Input for this task:
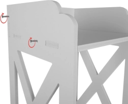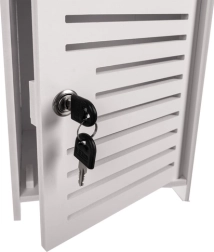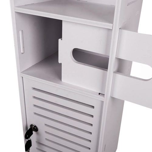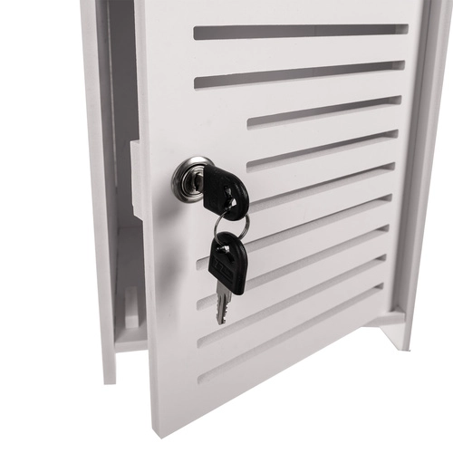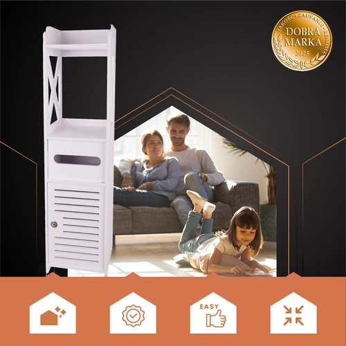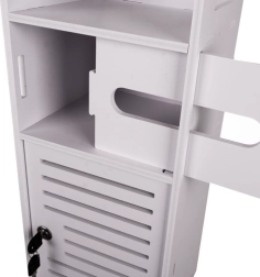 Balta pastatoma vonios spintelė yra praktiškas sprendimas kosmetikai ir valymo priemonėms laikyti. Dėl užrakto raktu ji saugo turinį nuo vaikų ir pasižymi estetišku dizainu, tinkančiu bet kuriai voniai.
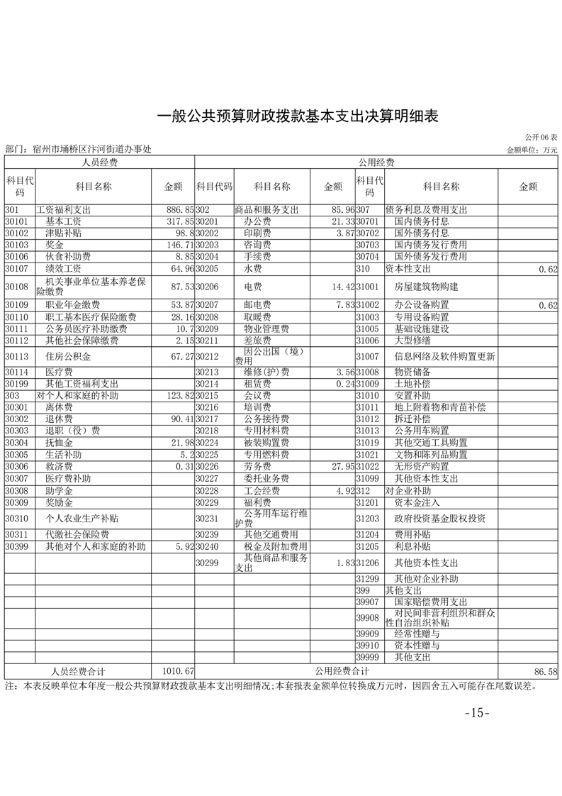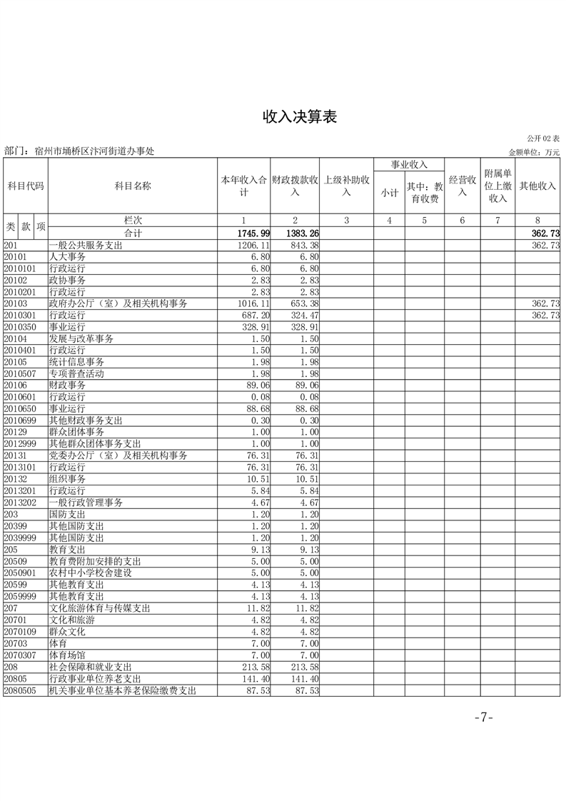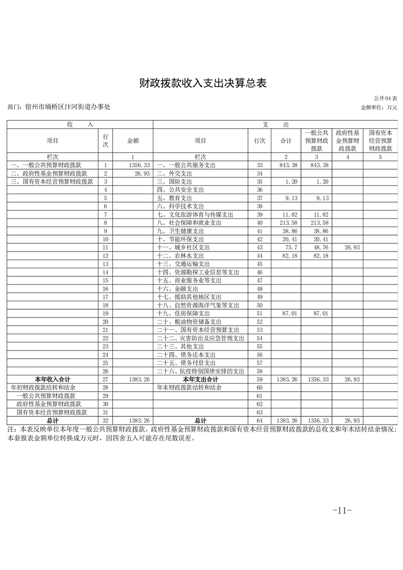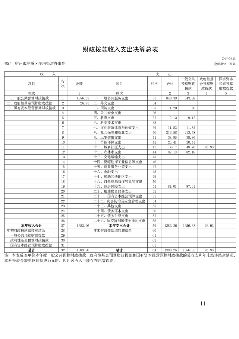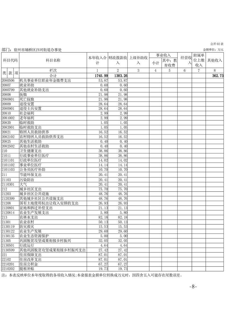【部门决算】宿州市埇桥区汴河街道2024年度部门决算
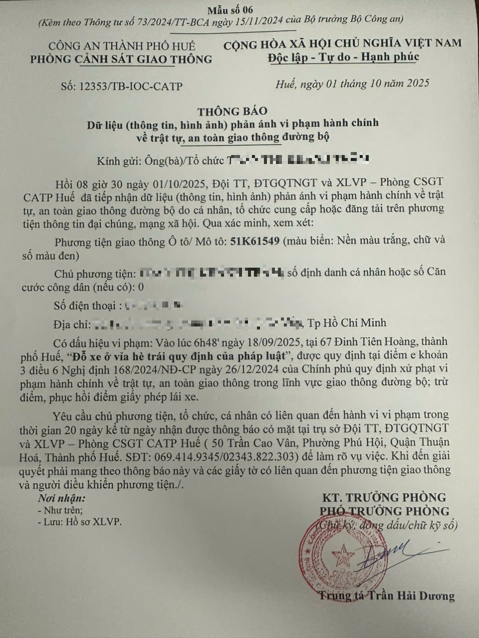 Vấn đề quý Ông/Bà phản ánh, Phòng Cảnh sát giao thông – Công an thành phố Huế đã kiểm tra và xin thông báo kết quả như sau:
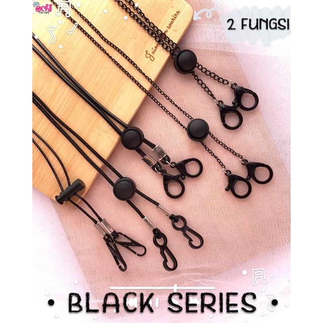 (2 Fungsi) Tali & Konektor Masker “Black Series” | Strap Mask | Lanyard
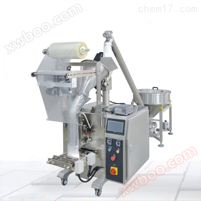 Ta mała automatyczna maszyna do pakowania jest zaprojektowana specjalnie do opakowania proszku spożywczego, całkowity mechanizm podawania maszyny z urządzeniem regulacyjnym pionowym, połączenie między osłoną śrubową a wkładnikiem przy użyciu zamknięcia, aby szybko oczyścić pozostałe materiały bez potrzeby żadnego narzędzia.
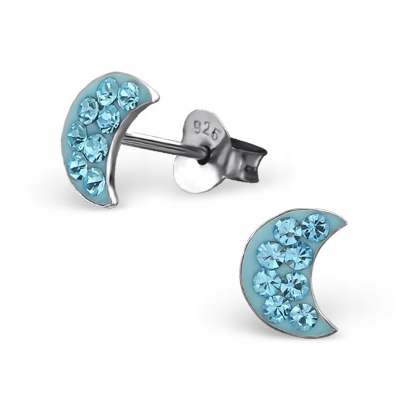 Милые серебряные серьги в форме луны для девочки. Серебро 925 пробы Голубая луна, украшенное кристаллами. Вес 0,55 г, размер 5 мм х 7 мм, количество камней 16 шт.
* * *
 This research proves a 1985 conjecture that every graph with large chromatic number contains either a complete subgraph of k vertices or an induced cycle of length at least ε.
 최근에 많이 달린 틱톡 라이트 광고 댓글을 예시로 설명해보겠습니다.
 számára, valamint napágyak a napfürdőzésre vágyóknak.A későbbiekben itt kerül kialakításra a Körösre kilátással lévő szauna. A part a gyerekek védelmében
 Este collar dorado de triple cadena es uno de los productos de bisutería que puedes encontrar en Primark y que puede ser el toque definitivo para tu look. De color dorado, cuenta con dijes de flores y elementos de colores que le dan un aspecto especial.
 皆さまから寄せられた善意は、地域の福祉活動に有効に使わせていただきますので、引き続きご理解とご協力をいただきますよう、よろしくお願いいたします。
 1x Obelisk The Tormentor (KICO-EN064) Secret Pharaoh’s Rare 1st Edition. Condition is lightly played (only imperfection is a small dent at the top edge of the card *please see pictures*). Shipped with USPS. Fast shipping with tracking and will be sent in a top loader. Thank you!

Work to be completed: Using the material above, reproduce only the lines that run from the line with "Balta pastatoma vonios" up to and including the line with "(2 Fungsi) Tali", exactly, with the pictures dropped.

Exercise answer:
 Balta pastatoma vonios spintelė yra praktiškas sprendimas kosmetikai ir valymo priemonėms laikyti. Dėl užrakto raktu ji saugo turinį nuo vaikų ir pasižymi estetišku dizainu, tinkančiu bet kuriai voniai.
【部门决算】宿州市埇桥区汴河街道2024年度部门决算
 Vấn đề quý Ông/Bà phản ánh, Phòng Cảnh sát giao thông – Công an thành phố Huế đã kiểm tra và xin thông báo kết quả như sau:
 (2 Fungsi) Tali & Konektor Masker “Black Series” | Strap Mask | Lanyard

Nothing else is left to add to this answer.